This shop has been compensated by Collective Bias, Inc. and Mazola® Corn Oil. All opinions are mine alone. #MakeItMazola #simpleswap #CollectiveBiasThese Roasted Smoked Paprika and Lime Cauliflower Tacos are a lighter vegetarian twist on tacos. Ready in less than 30 minutes, these tacos are packed full of flavor and simple to prepare in the oven. I have started using Mazola® Corn Oil when roasting vegetables, such as for these Smoked Paprika and Lime Cauliflower Tacos. A clinical study showed Mazola Corn Oil reduces cholesterol 2x more than extra virgin olive oil.

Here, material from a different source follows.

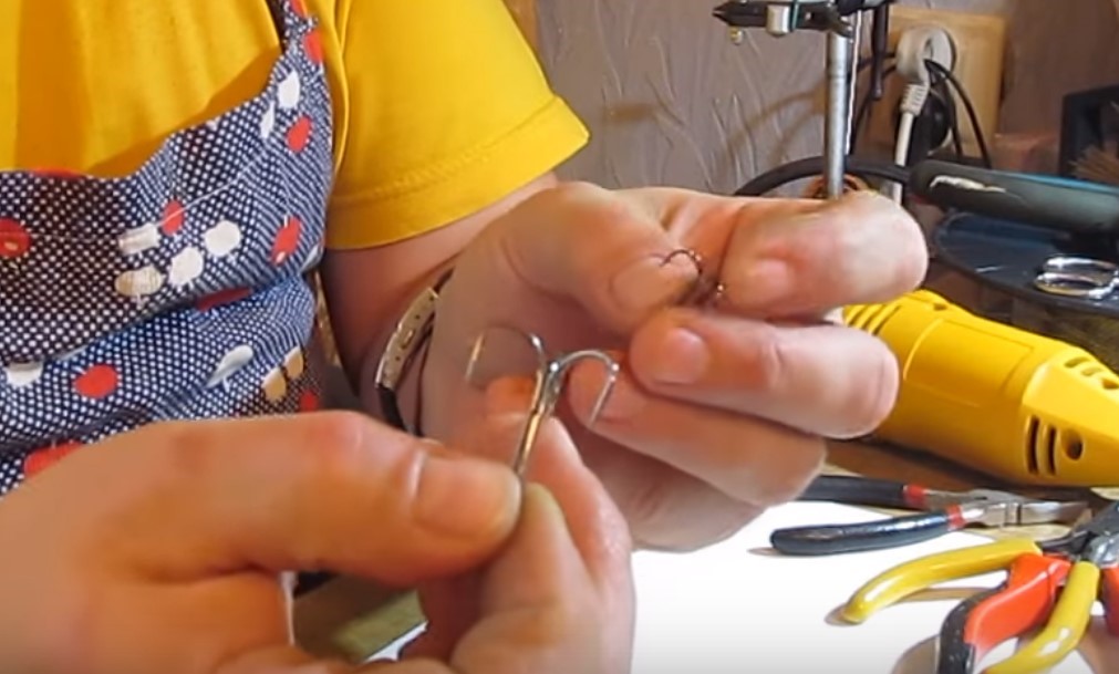 Чтобы мандула на судака своими руками приобрела законченный вид, делаем каркас для приманки. В классическом виде приманки на каркас крепится 2 крючка: в области головной и хвостовой частей. К одному из концов проволоки прикрепляем тройник, для чего потребуется предварительно сделать 2 кольца на проволоки: на одно монтируем крючки, а за второе – соединяем с основной леской. Проще крепить леску к кольцу, выходящему за пределы изгиба.

To learn more about this claim, see MAZOLA.com
I love tacos and am always looking for new flavor ideas to keep it interesting. I definitely cannot turn down a good taco! These Roasted Smoked Paprika and Lime Cauliflower Tacos are not only delicious but also quick and simple to make, perfect for busy nights. These tacos are also lighter by swapping out a few ingredients. I use Mazola Corn Oil instead of other oils like olive oil or vegetable oil, thin jicama sliced instead of tortillas, cauliflower instead of meat, and plain Greek yogurt instead of sour cream.
To make these tacos, I roast the cauliflower instead of frying to make them a lighter taco option. The Mazola Corn Oil is perfect for this as it is an all-purpose cooking oil that is a smart heart-healthy choice for your family. It can be used in a variety of ways such as baking, grilling, sautéing, stir frying, or mixing up a marinade or dressing. The oil has a neutral taste which means the natural flavor of your food will stand out.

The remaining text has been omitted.